Delain E, Barray M, Tapon-Bretaudiere J, Pochon F, Marynen P, Cassiman J J, Van den Berghe H, Van Leuven F
Laboratoire de Microscopie Cellulaire et Moléculaire, Institut Gustave-Roussy, Villejuif, France.
J Biol Chem. 1988 Feb 25;263(6):2981-9.
To study the three-dimensional organization of alpha 2-macroglobulin (alpha 2M) from human plasma, immunoelectron microscopy of negatively stained specimens was used. A panel of monoclonal antibodies (mAb) with specificities typical for the two major conformers of alpha 2M (native and protease-transformed) was explored. The mAb have been selected and were classified biochemically as specific for either native or transformed alpha 2M or as reactive with both conformers. Furthermore, among the mAb that were specific for the proteinase-transformed form of alpha 2M, those reacting with the 20-kDa receptor-binding domain were considered a fourth category. Immunoelectron microscopy with these 20-kDa receptor-binding domain-specific mAb yielded the most typical result: predominantly, individual H-like alpha 2M-chymotrypsin molecules were complexed with two IgG molecules, each one bound to the extremities of two arms of the H-like figure. The resulting planar complex has the appearance of a dumbbell. Since this was observed with eight different mAb of this specificity, the result is interpreted to mean that the 20-kDa receptor-binding domain is compact and constitutes the outermost domain at the extremes of the arms of the H-like transformed alpha 2M. The mAb which are specific for the transformed state of alpha 2M but which do not react with the 20-kDa receptor-binding domain, also bound at the arms of the H-like figure, but at nonterminal positions. Moreover, these mAb produced mostly linear, chain-like immune complexes of numerous H-like alpha 2M molecules cross-linked by the IgG. The large category of mAb that reacted with both conformers of alpha 2M (native and proteinase complex) were observed to make various types of immune complexes with intra- and intermolecular cross-linking by the IgG. The observations of reaction of these mAb with Cd2+-induced dimers (half-molecules of alpha 2M), either native or transformed, proved helpful and, for certain mAb, essential to understand the organization of the alpha 2M-IgG complexes. Combined, the observations allow us to propose new models for the three-dimensional organization of native and chymotrypsin-transformed dimeric and tetrameric human alpha 2M.

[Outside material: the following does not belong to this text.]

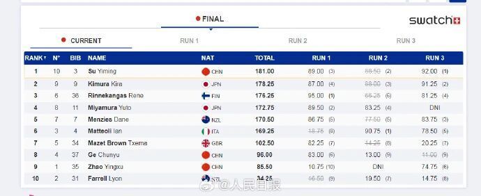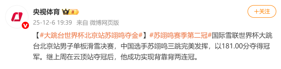 另据央视体育,国际雪联世界杯大跳台北京站男子单板滑雪决赛,中国选手苏翊鸣三跳完美发挥,以181.00分夺得冠军。继上周在云顶站夺冠后,他成功实现背靠背两连冠。

为研究人血浆中α2-巨球蛋白(α2M)的三维结构,我们采用了对负染标本进行免疫电子显微镜观察的方法。我们研究了一组单克隆抗体(mAb),这些抗体对α2M的两种主要构象(天然型和蛋白酶转化型)具有典型的特异性。这些单克隆抗体已被筛选出来,并根据生化特性分为对天然型或转化型α2M具有特异性,或与两种构象都有反应的类型。此外,在对蛋白酶转化型α2M具有特异性的单克隆抗体中,那些与20 kDa受体结合结构域反应的抗体被归为第四类。用这些针对20 kDa受体结合结构域的单克隆抗体进行免疫电子显微镜观察,得到了最典型的结果:主要是单个H型α2M-胰凝乳蛋白酶分子与两个IgG分子结合,每个IgG分子结合在H型结构两个臂的末端。形成的平面复合物呈哑铃状。由于用八种具有这种特异性的不同单克隆抗体都观察到了这种情况,因此该结果被解释为意味着20 kDa受体结合结构域是紧密的,并且构成了H型转化α2M臂末端的最外层结构域。对α2M转化状态具有特异性但不与20 kDa受体结合结构域反应的单克隆抗体,也结合在H型结构的臂上,但在非末端位置。此外,这些单克隆抗体大多产生由IgG交联的众多H型α2M分子组成的线性链状免疫复合物。观察到与α2M的两种构象(天然型和蛋白酶复合物)都有反应的一大类单克隆抗体,通过IgG形成了具有分子内和分子间交联的各种类型的免疫复合物。观察这些单克隆抗体与Cd2 +诱导的二聚体(α2M的半分子)(无论是天然型还是转化型)的反应,被证明是有帮助的,并且对于某些单克隆抗体来说,对于理解α2M-IgG复合物的结构至关重要。综合这些观察结果,我们能够提出天然型和胰凝乳蛋白酶转化型二聚体和四聚体人α2M三维结构的新模型。